During the discussion of the SCOTUS ruling on the 2nd it was mentioned that as Congress can raise an army, the Constitutional check and balance on the Congress was the militia.
Obama the Kenyan coup ping!
Cite your evidence for that statement (and "Berg is a wacko" is not evidence.)
THE WHITE HOUSE
Office of the Press Secretary
The President today nominated Berle M. Schiller and R. Barclay
Surrick to the U.S. District Court for the Eastern District of Pennsylvania.
Big f’in surprise.
Do you think it might be possible to provide a vehicle which would allow multi state submission by various people in many communities with the same information - just laying out the facts and arguments on both sides in a clear-cut way. I can put it into my local paper, but we are in such a conservative area it might not do any good. I would sure like to see someone on Free Republic just post a possible argument-counterargument which is newspaper ready so anyone who wanted to could submit it to their local paper.
This issue, and the way Joe W. had his privacy invaded are both huge issues for me. Joe and his story are certainly out there, but this seems like it should come down to a local issue.
Sadly, it seems a tangled affair.
Let the voters decide with good information.
I totally agree. ALL CANDIDATES must provide their hard copies of birth certificates and post for the public. After all, there are only 2 Constitutional requirements for President and Vice-President: age and birth. These should be proven at the start of an election. You can be a Senator/Legislator (state and federal) or a Governor and not be natural born. We take for granted that these people are qualified for President or Vice President simply because they have already been holding an office.
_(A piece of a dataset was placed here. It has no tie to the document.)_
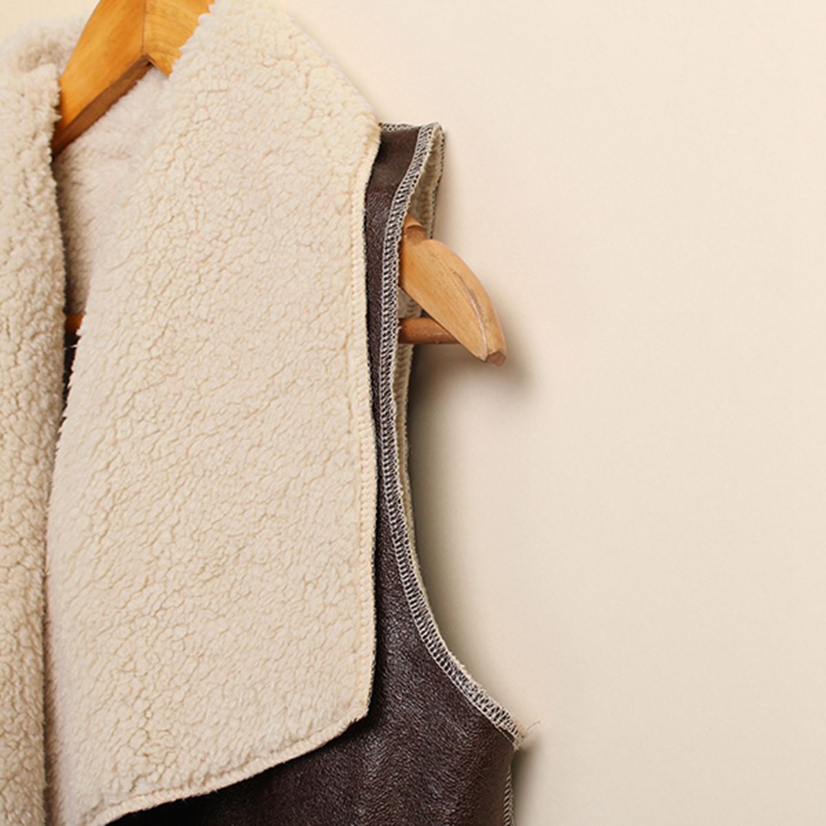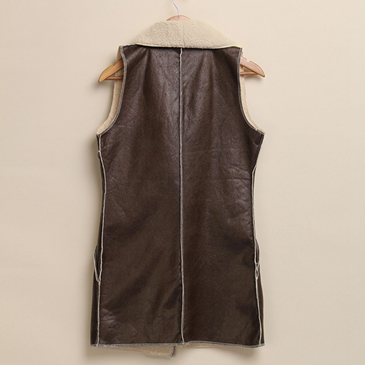> Damen Bekleidung > Jacken > Herbst Winter Damen FreiZeit warm Faux Pelzkragen lange Leder Weste Mantel OberBekleidung Weste lässig Jac

(No person except a natural born citizen, or a citizen of the United States at the time of the adoption of this Constitution, shall be eligible to the office of President; neither shall any person be eligible to that office who shall not have attained to the age of thirty-five years, and been fourteen years a resident within the United States.)
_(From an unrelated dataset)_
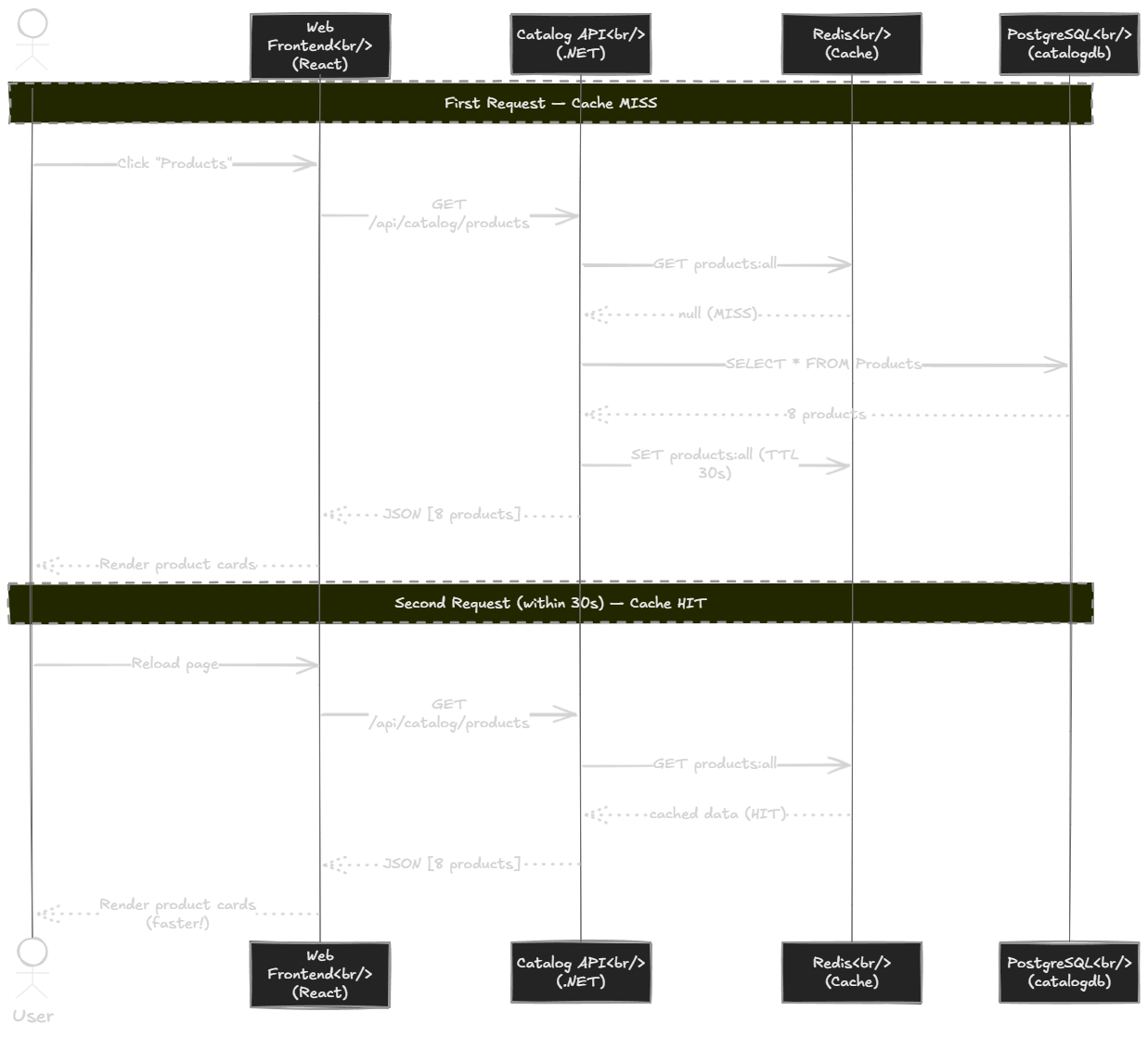 • Catalog API (.NET) - serves product data from PostgreSQL with Redis caching

Ah yes - the tactic of the 9-11 truther.
Name ONE respectable person who is pushing this story.
Perhaps when Governor Palin submits her medical records for examination, she could include her birth certificate, and challange everyone else to do the same.
A public challange for openness seems like a good way to go.
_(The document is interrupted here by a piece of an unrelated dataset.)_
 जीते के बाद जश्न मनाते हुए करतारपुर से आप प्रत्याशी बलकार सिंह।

Sorry, Noob, that guy's been here longer than you, has an anti-O tagline, and only linked to something that is probably germane to this discussion.
So, Noob, think I oughta urge the mod squad to toss YOUR butt?
The high level McCain campaign is full of idiots.
And if I were you, I would be very careful who I call names.
You’re not me - so screw.
Somewher there has to be a secretary of state, registrar of voters, or judge that will stand up on their hind legs and say “no votes will be counted in my jusridiction for this candidate until he proves that he is qualified. It is my sworn duty to enforce this requirement.”
He’s an Obama troll. Nothing more, nothing less.
It is not the responsibility of the accuser to prove they are respectible. It is the responsibility of the candidates to prove they are qualified. You have a twisted sense of where the problem is.